Guide to the new UK neonatal care leave and pay rights. Covers eligibility, duration, employer obligations, and how to update your policies.

28 March 20266 min read

Neonatal care leave is one of the most significant new employment rights introduced in recent years. The Neonatal Care (Leave and Pay) Act 2023 creates a standalone right for parents whose babies require neonatal care to take additional paid leave — separate from and on top of existing maternity, paternity, and shared parental leave entitlements.

The provisions came into force in April 2025, and every UK employer needs to understand the new obligations. This guide covers who qualifies, how much leave and pay is available, and the practical steps to update your policies and payroll.

What the new right provides

Neonatal care leave gives eligible parents up to 12 weeks of additional leave if their baby is admitted to neonatal care within 28 days of birth and the care lasts for 7 continuous days or more. The leave is a day-one right — there is no qualifying service period for the leave itself, though statutory neonatal care pay requires 26 weeks of continuous service.

Day-one right

Unlike many statutory leave entitlements, neonatal care leave is available from the employee's first day of employment. You cannot require any minimum service period before granting the leave. The only qualification is that the employee's baby is receiving neonatal care that meets the statutory criteria.

Eligibility criteria

The right applies to employees whose baby is admitted to neonatal care within 28 days of birth. Neonatal care means care received in a hospital setting, which can include neonatal intensive care units, special care baby units, or transitional care. The care must last for a continuous period of at least 7 days.

Both parents are individually entitled to the leave — it is not shared between them. This means if both parents are employed, both can take up to 12 weeks each.

The right also extends to parents of babies born through surrogacy (intended parents), adoptive parents where the child is placed within 28 days of birth, and partners of the birth parent provided they have parental responsibility or expect to have it.

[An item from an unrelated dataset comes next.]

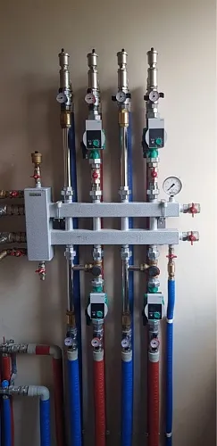 Используется в системе отопления для распределения теплоносителя на четыре контура DN25 подключенных вертикально (2 сверху и 2 снизу) и дополнительным контуром повышенной мощности DN32, подключенным сбоку.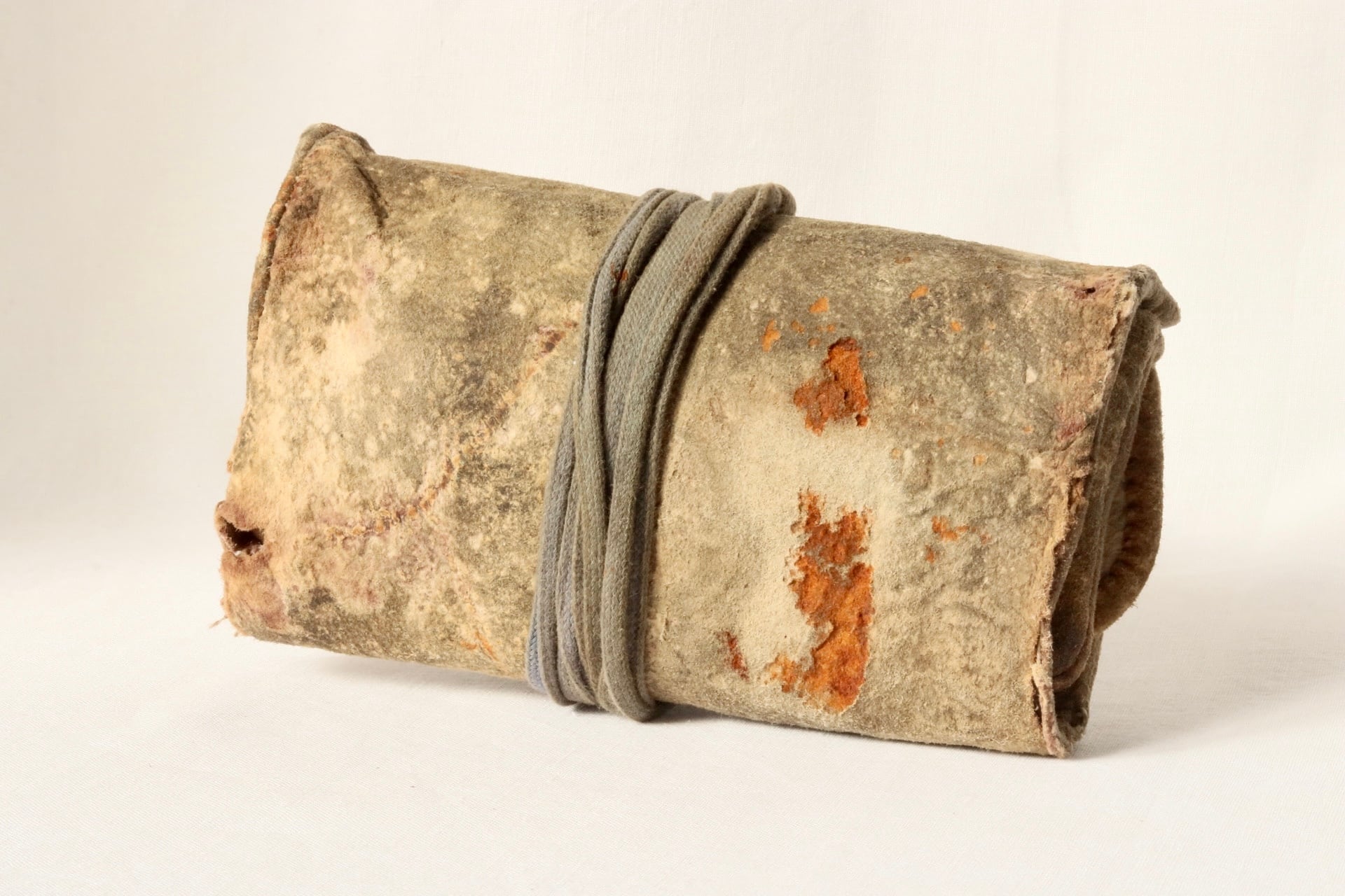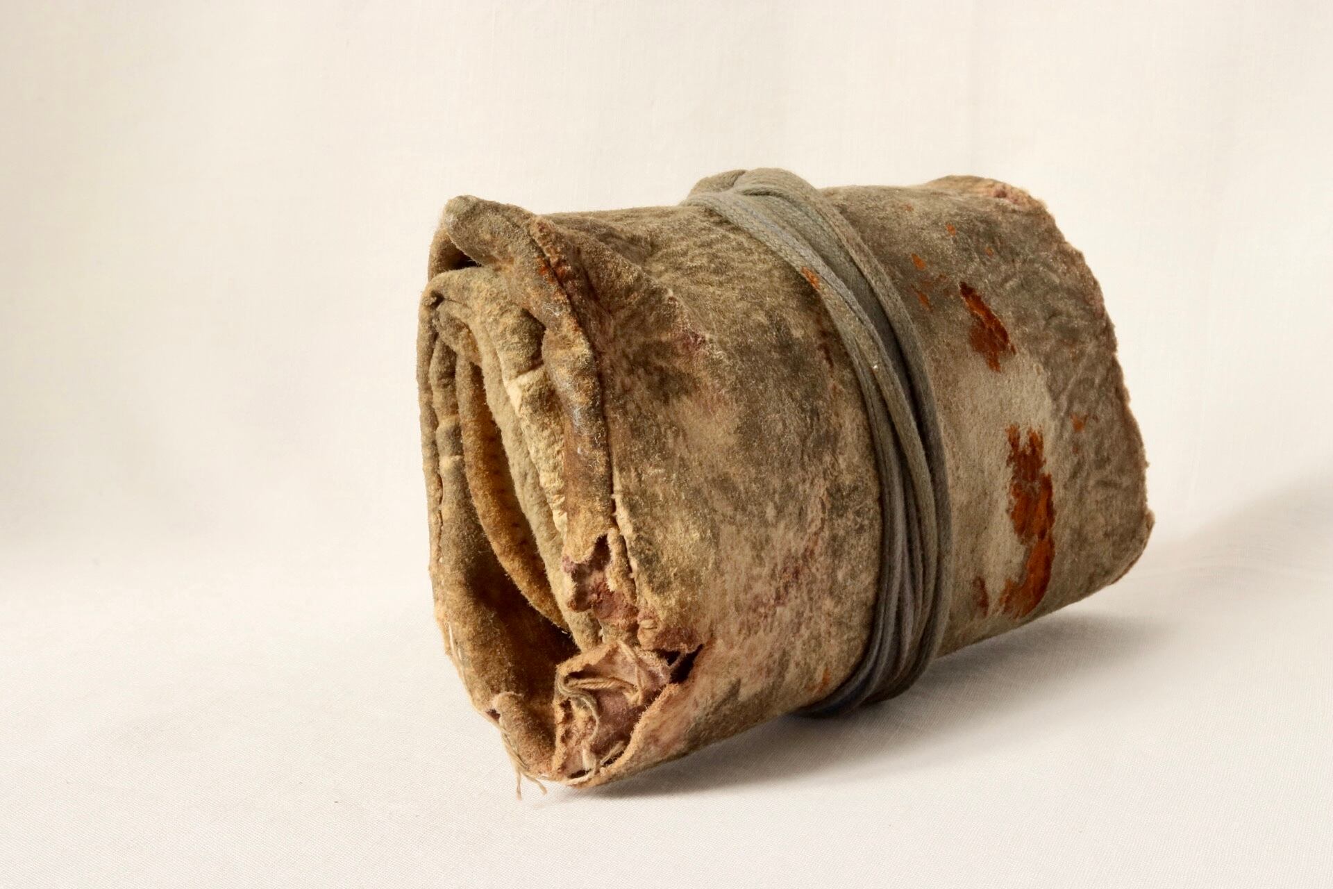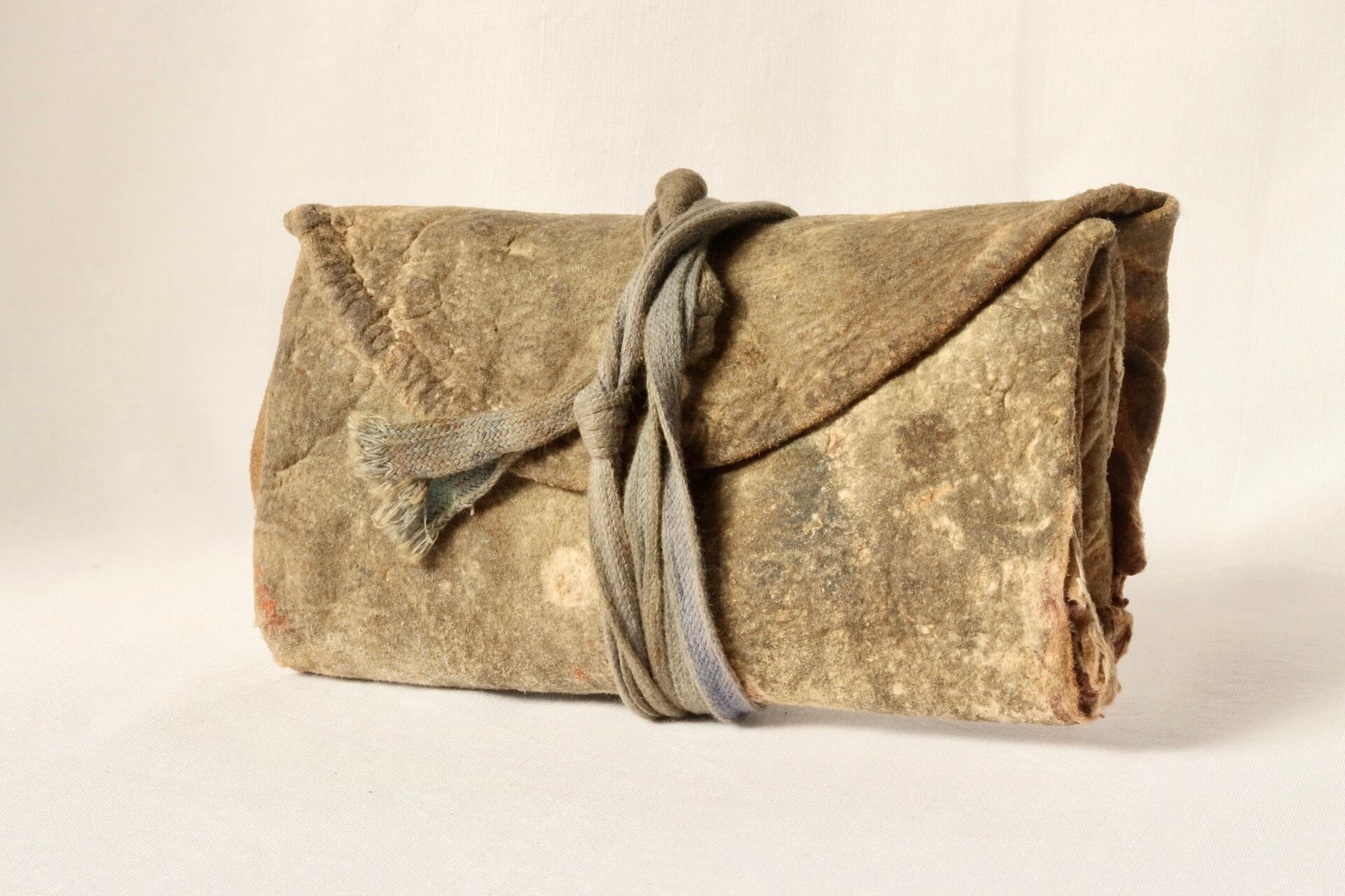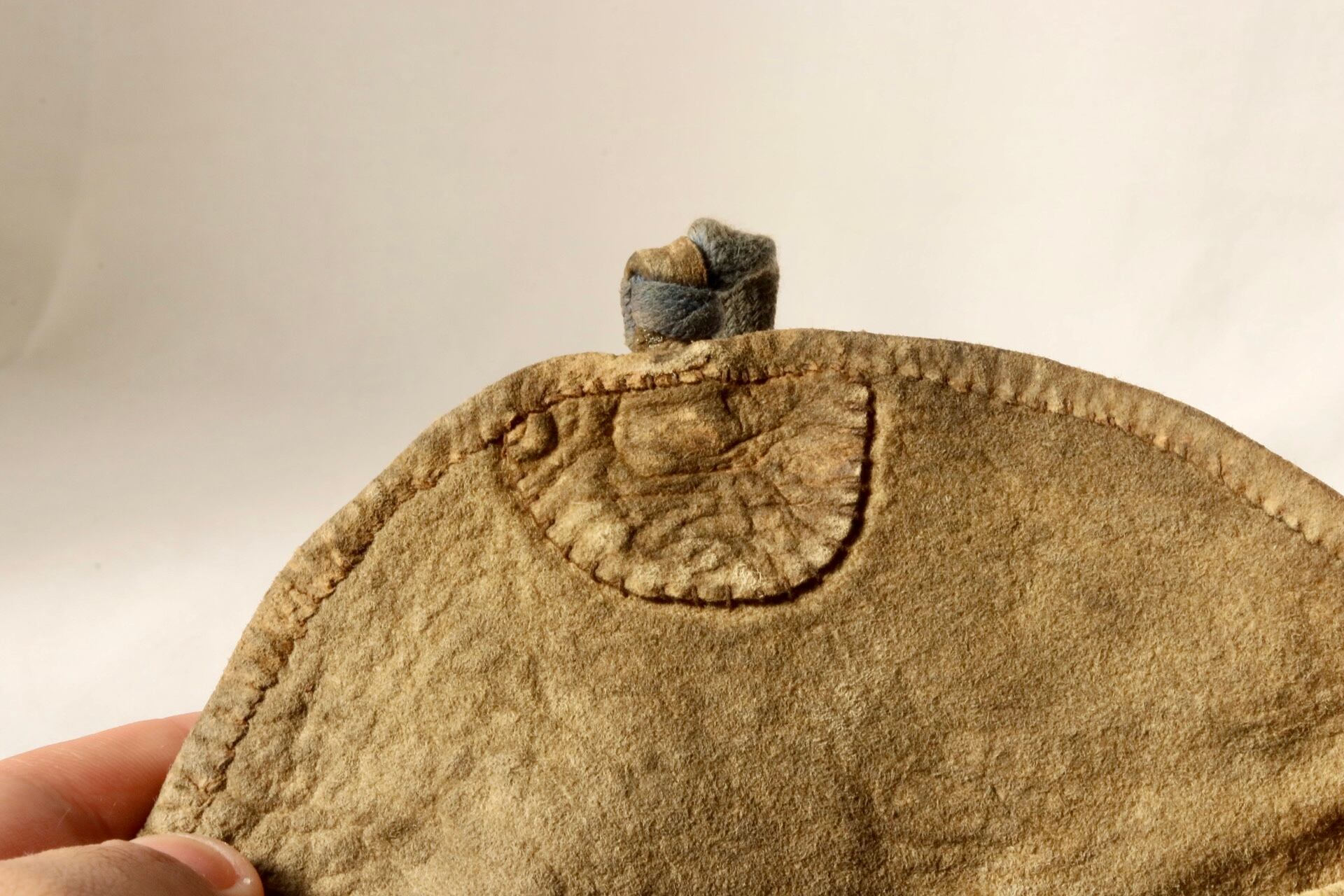 縦長の袋をパタパタと折り畳み、紐(これもまた味わいのある)でくるくると巻き留める仕様。革の表面は和紙を触っている時のような、さらさら、ふわふわした触感です。

How the leave works in practice

Neonatal care leave accrues at one week for each week (or part week) that the baby spends in neonatal care, up to the 12-week maximum. The leave can be taken in one continuous block or in non-consecutive weeks, giving parents flexibility to manage their time around the baby's care schedule.

The leave must be taken within 68 weeks of the baby's birth (or placement for adoption). This window allows parents to spread the leave across the first year if needed, rather than taking it all immediately.

Interaction with other leave

Neonatal care leave is additional to all other statutory leave entitlements. It does not reduce maternity leave, paternity leave, shared parental leave, or parental leave. A mother whose baby spends 8 weeks in neonatal care is entitled to her full 52 weeks of maternity leave plus up to 8 weeks of neonatal care leave. Make sure your policies and payroll systems reflect this — double-check you are not inadvertently counting neonatal leave against other entitlements.

Employer obligations

As an employer, you must not refuse a request for neonatal care leave from an eligible employee. You must not subject an employee to any detriment because they took or sought to take neonatal care leave. You must continue to accrue all contractual benefits (except salary) during the leave period, including holiday accrual, pension contributions, and any other benefits the employee would normally receive.

The employee has the right to return to the same job after neonatal care leave of 6 weeks or less. If the leave is longer than 6 weeks, or is combined with other statutory leave, the employee has the right to return to the same job or a suitable alternative if that is not reasonably practicable.

Protection from dismissal

Dismissing an employee because they took neonatal care leave, or selecting them for redundancy for that reason, is automatically unfair — there is no qualifying service requirement for this protection. This mirrors the protections that exist for maternity, paternity, and other family-related leave.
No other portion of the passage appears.